So working backwards...

The "Alignments" section in the on-line result is almost a direct reflection of the default NCBI BLAST+ or Legacy NCBI BLAST output with a few bits of HTML added. You can see the plain result which is produced by the program by using the "Formatting options", and disabling the HTML output. NCBI BLAST+ can produce a number of other formats, see "16. The BLAST Sequence Analysis Tool" in the "The NCBI Handbook" and "BLAST Command Line Applications User Manual" in "BLAST Help".

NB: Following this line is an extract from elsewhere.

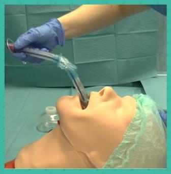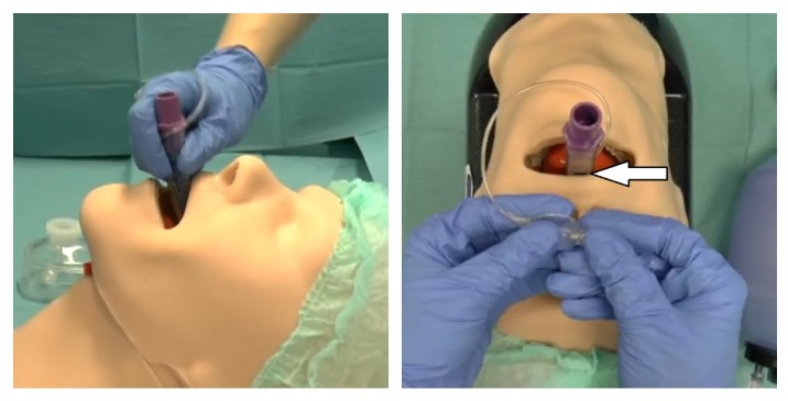 Slid down device until resistance is felt. In correct size, upper incisors fits black lines on tube.
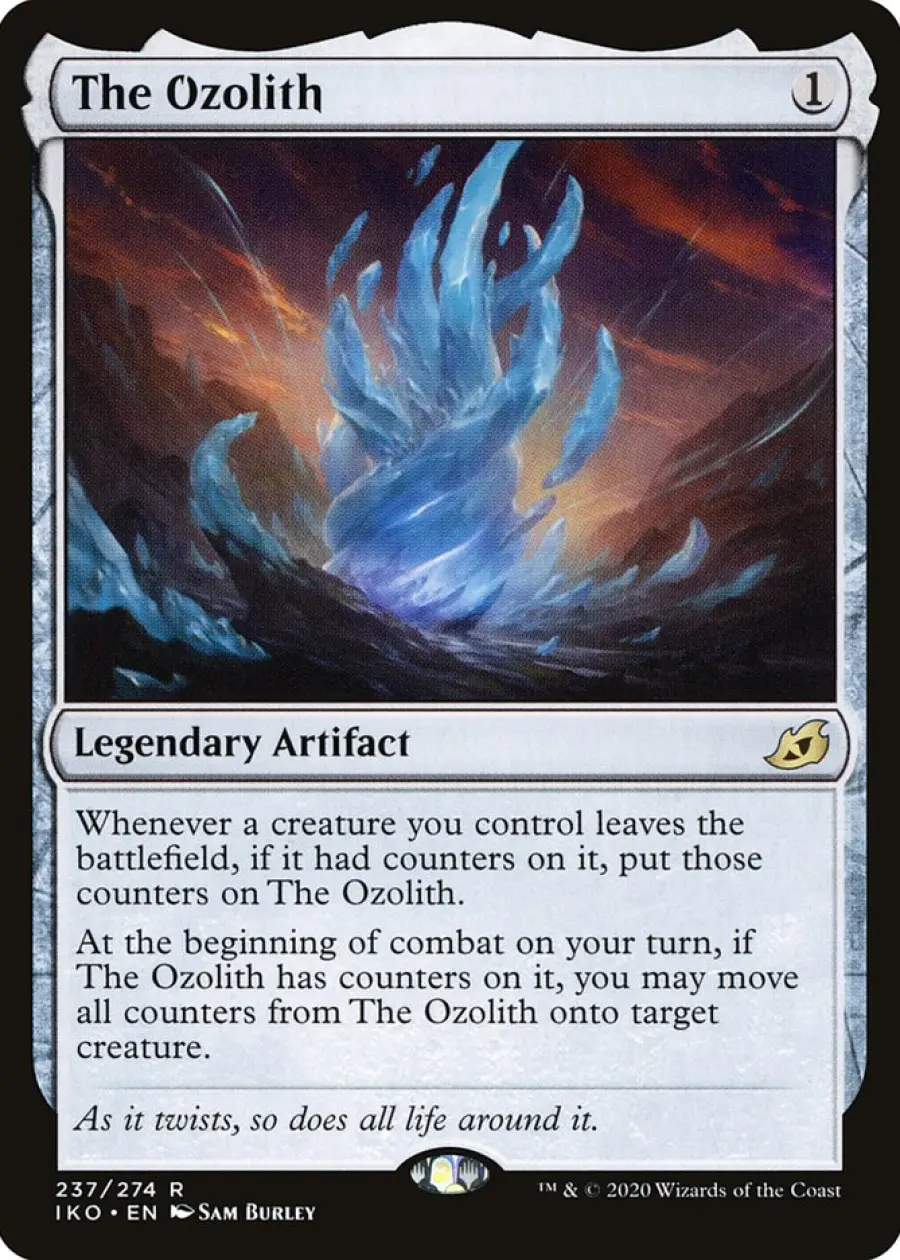 At the beginning of combat on your turn, if The Ozolith has counters on it, you may move all counters from The Ozolith onto target creature. - Flavor Text

On to the NCBI BLAST databases, these are available from the NCBI's FTP site, descriptions of the available databases can be found in the "BLAST FTP Site" documentation and the "blastftp.txt" file on the FTP site. There are dependencies between some of the databases, for example the 'swissprot' database requires the 'nr' database due to being implemented a subset of 'nr' using BLAST mask files. So be sure to download all of the required files. The 'update_blastdb.pl' script mentioned by Michael can be used to mirror the NCBI produced BLAST databases. While you can create these databases using makeblastdb and the fasta format files provided by NCBI, the resulting databases will be missing additional information (e.g. Taxonomy) present in the pre-formatted databases, since these are generated from the ASN.1 not the fasta format.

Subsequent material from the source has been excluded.